Two rare disease companies - Idera Pharmaceuticals and Aceragen - are merging to pursue the common goal of an FDA approval that could come as early as 2024.
Two rare disease companies - Idera Pharmaceuticals and Aceragen - are merging to pursue the common goal of an FDA approval that could come as early as 2024.
For Idera, the merger is something of a lifeline after its top drug candidate flopped last year. On the other side, Aceragen is now a publicly traded company less than two years after launching. The all-stock deal will leave the merged companies with $26 million on hand.
Executives said this is enough cash to fund operations through August 2023. That’s when key data readouts from clinical trials are expected.
Idera shareholders will end up with 33% of the combined company, which will continue to trade publicly under Idera’s stock symbol IDRA. But it’s Aceragen’s pipeline that will become the focus of the new company, and Aceragen’s executives will fill most of the new company’s top posts.
Idera reported a second-quarter loss of $5.3 million compared with a $7.6 million loss over the same period last year.
The merger comes after the March 2021 failure of Idera’s pivotal Phase III trial of tilsotolimod, a synthetic Toll-like receptor 9 agonist, as a treatment for melanoma. The molecule was Idera’s star product. Its failure prompted the Philadelphia-area company to look for ‘strategic alternatives’,” said Idera CEO Vincent Milano during a conference call Wednesday.
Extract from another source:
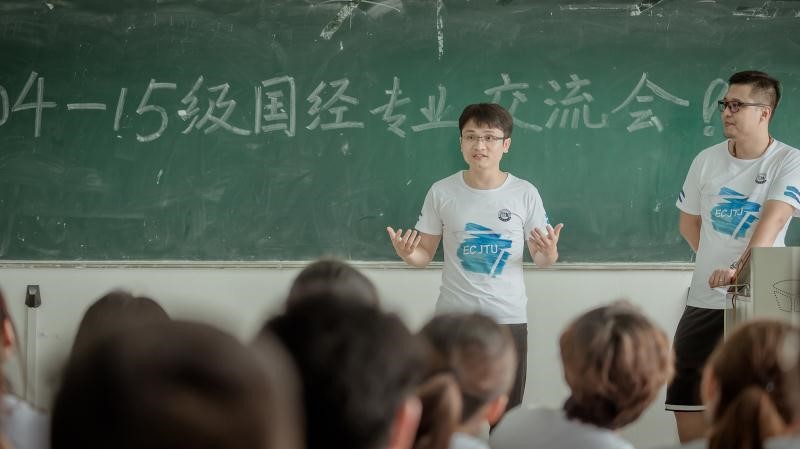在王皓老师做完精彩的开场白之后,王曦师兄和蒋旖旎班长分别作为04及15级国经的代表共同来主持此次交流会。本次交流会分为畅谈人生感想、大学爱情观之我见、深造考研心德感悟及互动分享这四个部分。

Aceragen’s lead drug candidates are ACG-701 for cystic fibrosis and melioidosis patients.
ACG-701 is the company’s take on sodium fusidate, a 50-year-old antibiotic. Aceragen’s formulation of sodium fusidate is meant to treat acute pulmonary exacerbations, a life-threatening infection, in cystic fibrosis patients. The FDA granted Orphan, Fast Track and Qualified Infectious Disease Product status to ACG-701 for this indication. Phase II clinical trial enrollment is expected to start by the end of the year.
Aceragen also received a $51 million grant from the U.S. Defense Threat Reduction Agency to develop sodium fusidate as a potential medical countermeasure to melioidosis, a bacterial infection commonly known as Whitmore’s disease.
ACG-701 is undergoing Phase II clinical trial testing. The company is targeting the U.S. government for a contract to add to the national stockpile if approved.
“We believe the commercial potential of both these programs is strong,” said Aceragen CEO John Taylor during the call. Taylor was also appointed CEO of the new company.
Aceragen Chief Medical Officer Carl Kraus will serve the same role at the merged company, as will Chief Operating Officer Daniel Salain.
Idera’s CEO Vincent Milano will become chair of the board. Idera’s General Counsel Bryant Lim and Chief Financial Officer John Kirby will remain in their roles at the new company.
Aceragen launched in May 2021 with a $35 million investment from Raleigh, N.C.-based NovaQuest.The Durham, N.C.-based Aceragen last year acquired Arrevus, which was also developing treatments for rare diseases.